In graph theory, Robbins' theorem, named after Herbert Robbins (1939), states that the graphs that have strong orientations are exactly the 2-edge-connected graphs. That is, it is possible to choose a direction for each edge of an undirected graph G, turning it into a directed graph that has a path from every vertex to every other vertex, if and only if G is connected and has no bridge.

Contents 1 Orientable graphs 2 Related results 3 Algorithms and complexity 4 Applications 5 Notes 6 References Orientable graphs An ear decomposition of a bridgeless graph. Orienting each ear as a directed path or a directed cycle makes the whole graph strongly connected.

Robbins' characterization of the graphs with strong orientations may be proven using ear decomposition, a tool introduced by Robbins for this task.

If a graph has a bridge, then it cannot be strongly orientable, for no matter which orientation is chosen for the bridge there will be no path from one of the two endpoints of the bridge to the other.

In the other direction, it is necessary to show that every connected bridgeless graph can be strongly oriented.

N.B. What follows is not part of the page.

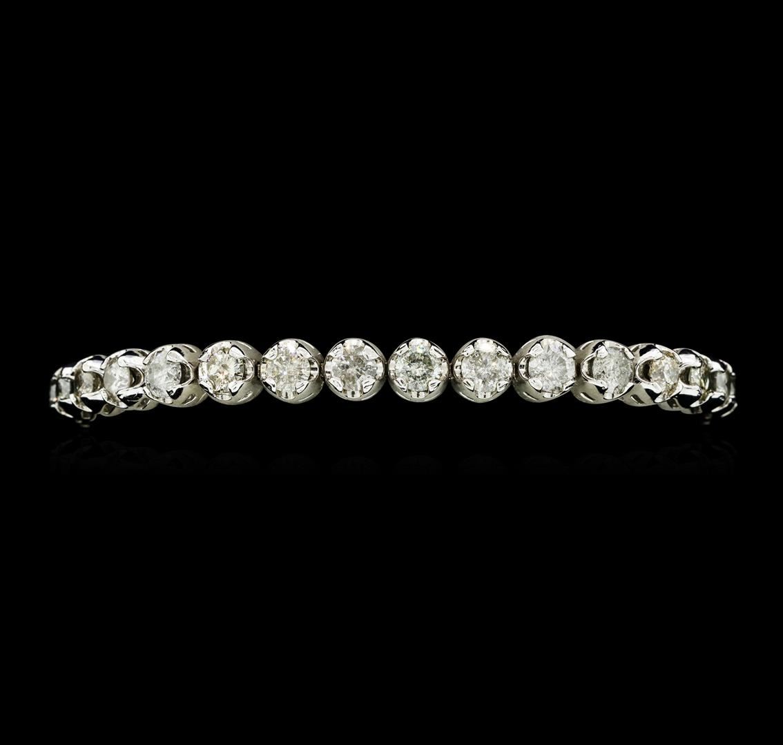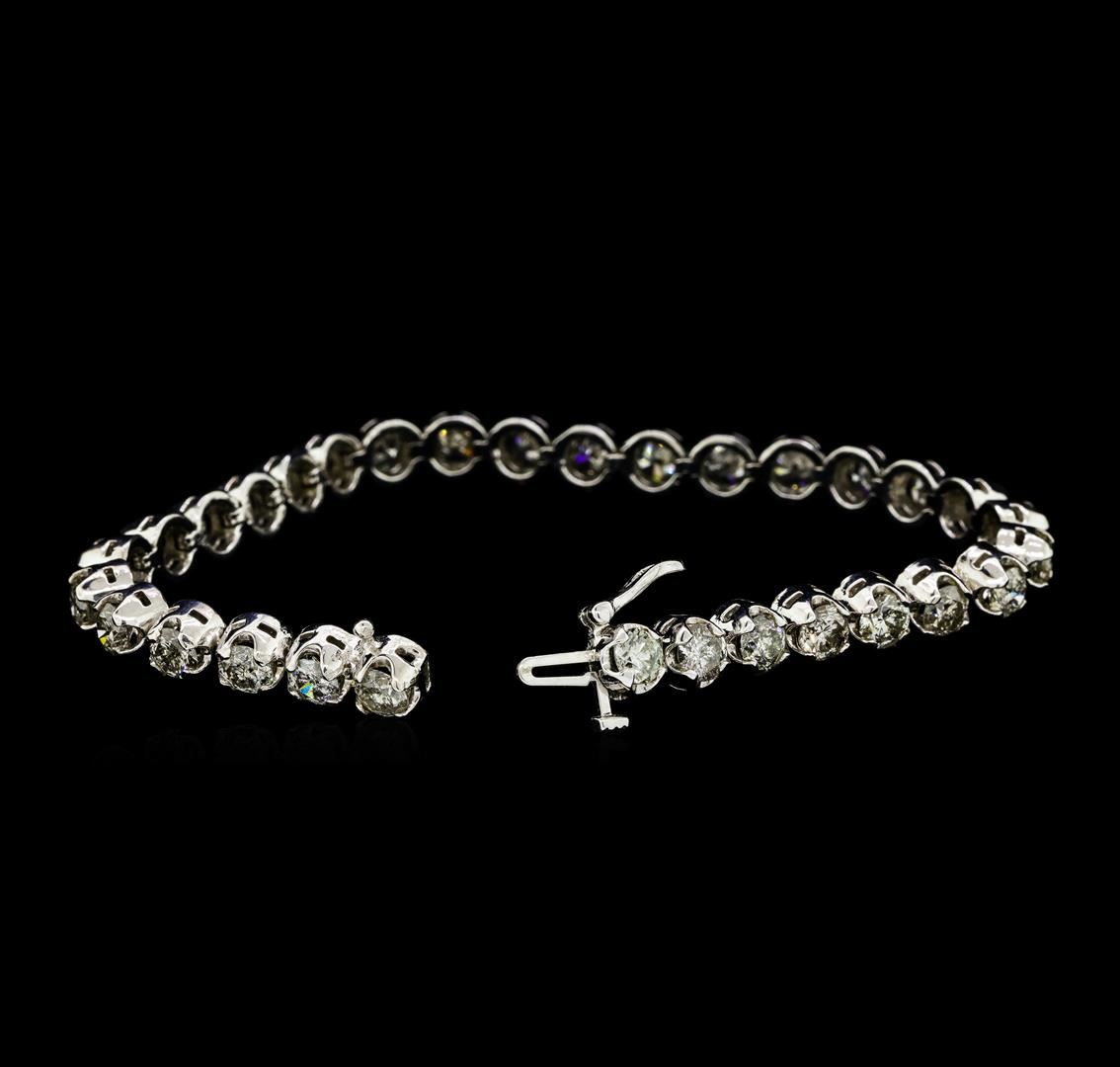 One electronically tested 14KT white gold lady's combination cast & assembled tennis bracelet with a tongue clasp with foldover safety with a bright polish finish. The featured lady's bracelet measures approximately 7.25 inches in length. Identified with markings of '14K'. Condition is new, good workmanship. Containing: Thirty-One prong set round brilliant cut diamonds, measuring 4.50 - 4.30 x 2.73mm (depth est.) approximate total weight of 31 Stones = 10.00ct. Graded in the setting. Color J - L Clarity I-1 to I-2 Cut Good. Total Weight of Diamonds 10.00ct.. Total Weight of Bracelet 20.30gm GAS Appraised at $17485.00. GAS Appraised at $17,485.00.

As Robbins proved, every such graph has a partition into a sequence of subgraphs called "ears", in which the first subgraph in the sequence is a cycle and each subsequent subgraph is a path, with the two path endpoints both belonging to earlier ears in the sequence. (The two path endpoints may be equal, in which case the subgraph is a cycle.) Orienting the edges within each ear so that it forms a directed cycle or a directed path leads to a strongly connected orientation of the overall graph.[1] Related results An extension of Robbins' theorem to mixed graphs by Boesch & Tindell (1980) shows that, if G is a graph in which some edges may be directed and others undirected, and G contains a path respecting the edge orientations from every vertex to every other vertex, then any undirected edge of G that is not a bridge may be made directed without changing the connectivity of G. In particular, a bridgeless undirected graph may be made into a strongly connected directed graph by a greedy algorithm that directs edges one at a time while preserving the existence of paths between every pair of vertices; it is impossible for such an algorithm to get stuck in a situation in which no additional orientation decisions can be made.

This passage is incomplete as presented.